Reputation: 315
Googled a lot and didnt, susprisingly, find a working solution. Im an engineer, not a programmer. Just need this tool.
So: I have a file "test2.dat" that I want to grep every time it changes.
I dont have inotifywait or when-changed or any similar stuff installed and I dont have the rights to do so (and dont even want to as I would like this script to be working universally).
Any suggestions?
What I tried:
LTIME='stat -c %Z test2.dat'
while true
do
ATIME='stat -c %Z test2.dat'
if [[ "$ATIME" != "$LTIME" ]]
then
grep -i "15 RT" test2.dat > test_grep2.txt
LTIME=$ATIME
fi
sleep 5
done
but that doesn't do basically anything.
Upvotes: 2
Views: 357
Reputation: 85780
Your syntax for command-substitution is wrong. If you are expecting the command to run within the quotes you are wrong. The command-substitution syntax in bash is to do $(cmd)

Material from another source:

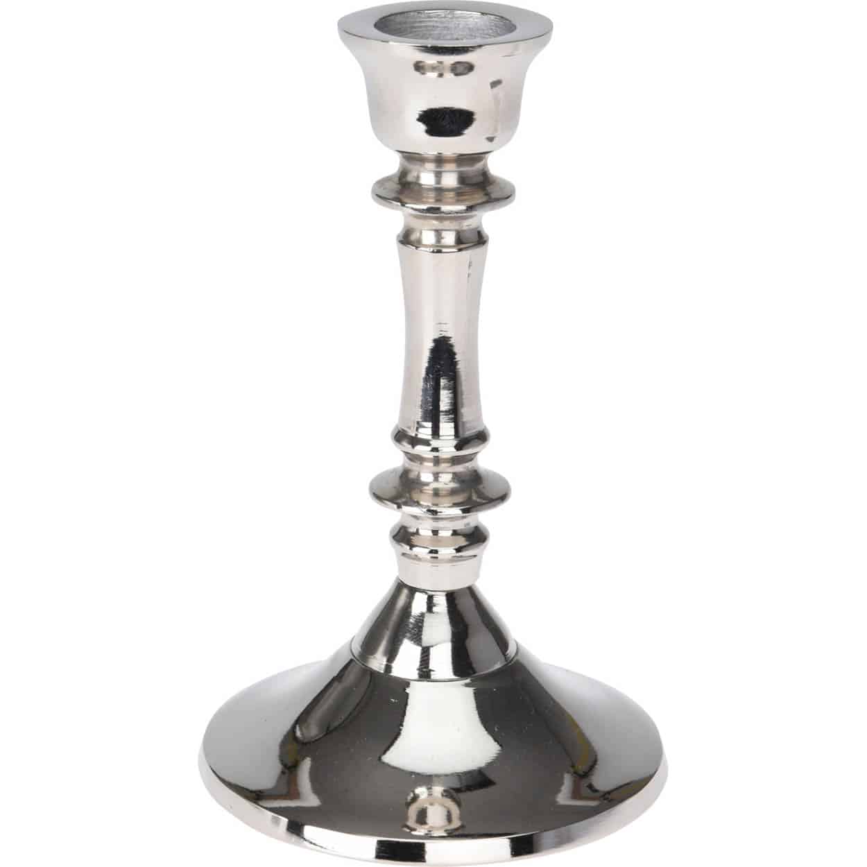Αλουμινένιο κηροπήγιο, μονό, σε ασημί χρώμα και κλασικό σχήμα, Ύψος: 13εκ,

Also by doing [[ "$ATIME" != "$LTIME" ]]
you are doing a literal string comparison which will never work. Once you store LTIME=$ATIME
the subsequent comparison of the strings will never be right.

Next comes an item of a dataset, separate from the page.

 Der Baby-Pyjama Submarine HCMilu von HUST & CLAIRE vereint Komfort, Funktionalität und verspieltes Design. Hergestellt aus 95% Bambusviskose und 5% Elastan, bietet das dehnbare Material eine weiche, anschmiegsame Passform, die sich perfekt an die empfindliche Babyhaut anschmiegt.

The appropriate syntax for your script should have been,
#!/bin/bash
LTIME=$(stat -c %Z test2.dat)
while true
do
ATIME=$(stat -c %Z test2.dat)
if [[ "$ATIME" != "$LTIME" ]]
then
grep -i "15 RT" test2.dat > test_grep2.txt
LTIME="$ATIME"
fi
sleep 5
done
I would recommend using lower-case letters for variable definitions in bash
, just re-used your template in the example above.